Although rare, TB should be considered in the differential diagnosis
of apparently isolated papillitis or neuroretinitis [2]. Optic
nerve involvement may be due to hematogenous dissemination,
direct infection, and contiguous spread from choroid or from
hypersensitivity to the infectious agent [3].
Intracranial TB usually presents with seizures, focal neurological
deficits or mass effects [4]. Our patient did not have any neurological
deficit other than unilateral defective vision. Negative mantoux
reaction could be due to tuberculin anergy reported in miliary TB [5].

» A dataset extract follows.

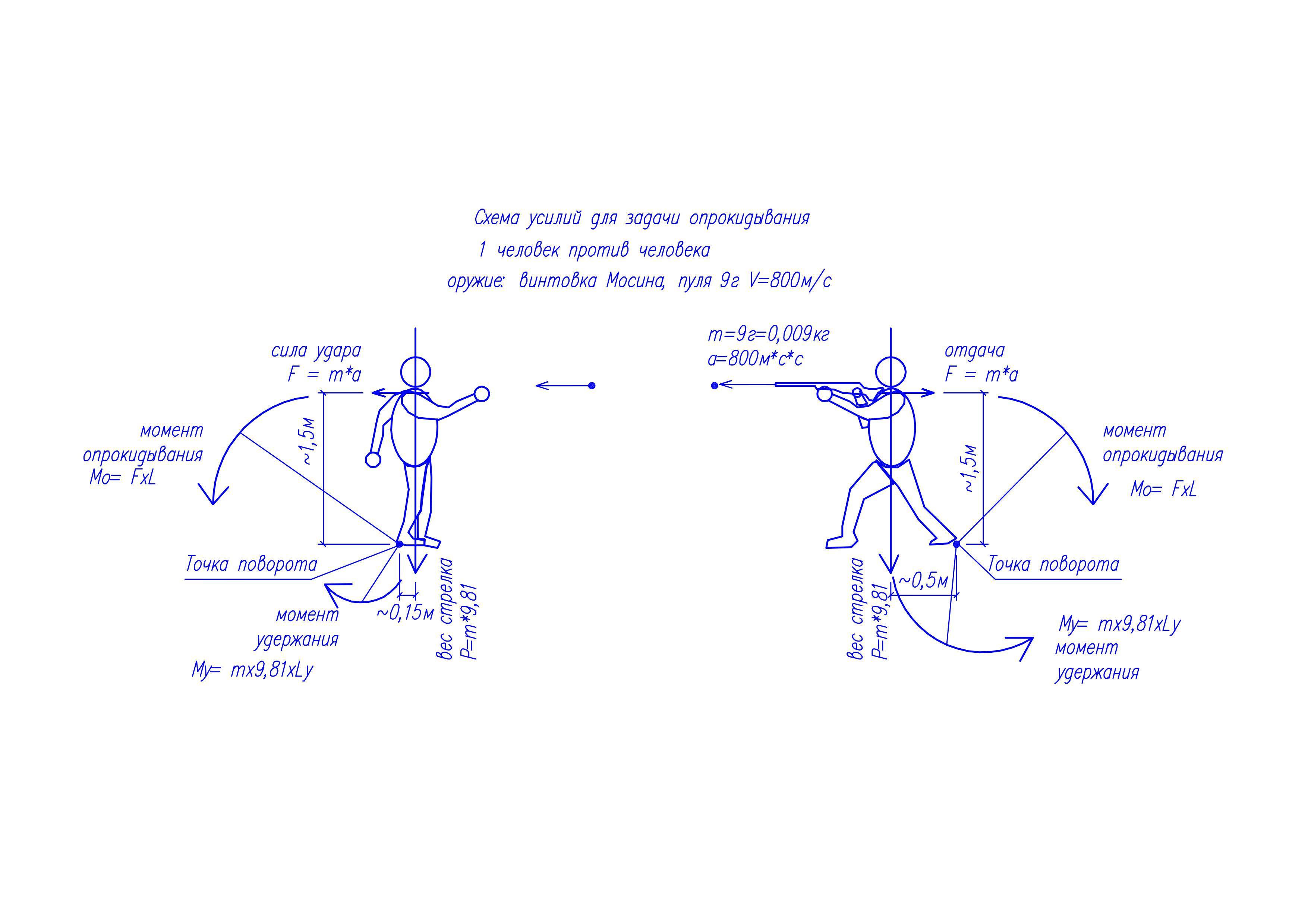 В первой схеме показаны два человека. Правый стреляет. Сила отдачи приложена на высоте 1,5м от условной точки поворота. За счет правильной позы, его опорное плечо - между центром тяжести и точкой поворота - равно 0,5м. Вес пули 0,009кг, вес стрелка со всеми причиндалами 100кг, чисто для удобства подсчетов. На второй картинке, где таблица, видно, что его запас устойчивости : 2,7 (первая колонка в самом низу).

Latent miliary and intracranial tuberculosis in an
immunocompetent young person presenting as isolated optic
neuritis has not been reported earlier. This report highlights the rare
associations of a common deadly infectious disease thus emphasizing
the importance of a high index of clinical suspicion in our present era
of globalization.
Figure 3
Figure 3
CT chest showing innumerable, small, wide spread pulmonary
nodules suggestive of disseminated tuberculosis.
References
- Beck RW, Gal RL. Treatment of acute optic neuritis: A summary of findings from the optic neuritis treatment trial. Arch Ophthalmol. 2008; 126: 994‑995.
- Gupta V, Gupta A, Rao NA. Intraocular tuberculosis – an update. Surv Ophthalmol. 2007; 52: 561-587.

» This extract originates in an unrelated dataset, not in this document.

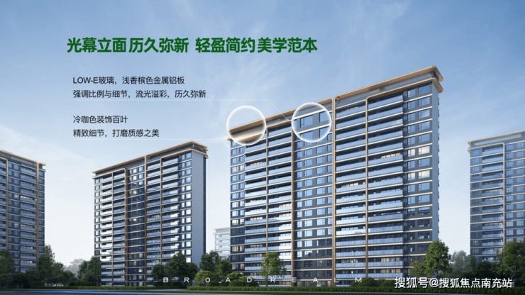 建筑与园林:蓝灰色 LOW-E 玻璃搭配香槟色铝板打造现代光幕立面,内部匠造约 4 万㎡森系园林,含 300㎡中央水景、700 米环形跑道,外邻市政绿地,形成内外双园格局。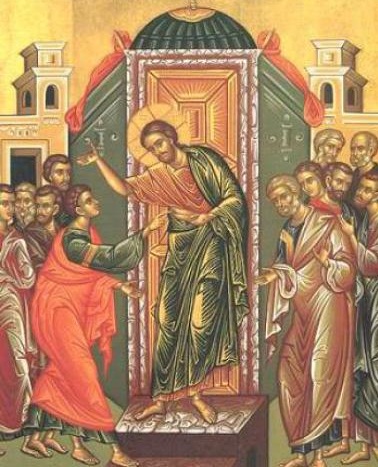 În Duminica a 2-a după Paşti (a Sf. Apostol Toma); Ap. Fapte 5, 12-20; Ev. Ioan 20, 19-31; glas 1, voscr.1, textul Evangheliei care se citeşte la Sfânta Liturghie vine ca să ne întărească în credinţă pe cei care suntem uimiţi de întâlnirea cu Hristos Cel Înviat, să ne dea sprijin pentru a înţelege Taina Învierii Sale, iar, încredinţarea Apostolului Toma, ne dă un răspuns de netăgăduit şi incontestabil, tocmai la această perspectivă a Învierii lui Hristos, dar şi asupra dumnezeirii Sale! Sfântul Apostol Toma a făcut proba palpabilă a Învierii Domnului, în locul nostru, încât nu ne rămâne decât să credem în dumnezeirea lui Iisus Hristos, aşa cum o face acest Apostol, fără să mai pretindem a-L vedea sau a-L pipăi, căci, printr-o astfel de credinţă, putem fi fericiţi şi împliniţi, aici pe pământ şi în veacul viitor! De bună seamă, credința asociată cu îndoiala, asemenea celei a lui Toma, nu înseamnă neapărat necredință, deoarece, puterea de a crede nu e una statică, ci una fundamental dinamică, într-o evoluție a înțelegerii conținutului credinței. În decursul vieții, noi alternăm credința cu necredința şi credem că Hristos a Înviat, dar ne comportăm ca și când am fi slabi în simţire, atunci când îi rănim pe semenii noștri. Credem cu putere că Hristos e Dumnezeu, dar cu toate acestea, nesocotim una sau alta dintre porunci, găsind scuze ca să le încălcăm, spre a ne atinge interesele egoiste şi meschine. Prezentarea întâlnirii Sfântului Apostol Toma cu Iisus cel Înviat presupune şi o reflecţie despre relaţia dintre investigaţiile ştiinţifice şi istorice ale adevărurilor religioase şi credinţa noastră dreptmăritoare, mai ales că astfel de investigaţii sunt considerate de primă im¬portanţă în lumea de azi! Dacă sunt ele irelevante pentru credinţă, sau poate păcătoase, chiar exemplul Apostolului Toma ne arată că nu trebuie să ne pripim, deoarece neîncrederea lui Toma se baza pe chestiuni de maximă importanţă pentru el, astfel încât să fie îndepărtate fără prea multă preocupare ca de nerezolvat, doar pentru că Apostolul Toma dorea să ştie adevărul! În acel moment, Domnul i-a dat lui Toma întreaga dovadă empirică pe care o ceruse, deoarece, Dumnezeu ne arată totdeauna pe Fiul Cel Înviat, care este Hristos Domnul şi nu ne lasă ca să ne rătăcim în drumul nostru spre limanul cel neînviforat al Împărăţiei veşnice!

- Davis EJ, Rathinam SR, Okada AA, Tow SL, Petrushkin H, Graham EM et al. Clinical spectrum of tuberculous optic neuropathy. J Ophthalmic Inflamm Infect. 2012; 2:183-189.
- Togha M, Sahraian MA, Hosseini SJ, Haddadi A. Brain tuberculoma: Report of a case presented with prolonged nonspecific symptoms and multiple brain tuberculoma. Iran J Neurol. 2012; 11: 34-35.
- Surendra k, Mohan A, Sharma A. Challenges in the diagnosis and treatment of military tuberculosis. Indian J Med Res. 2012; 135: 703-730.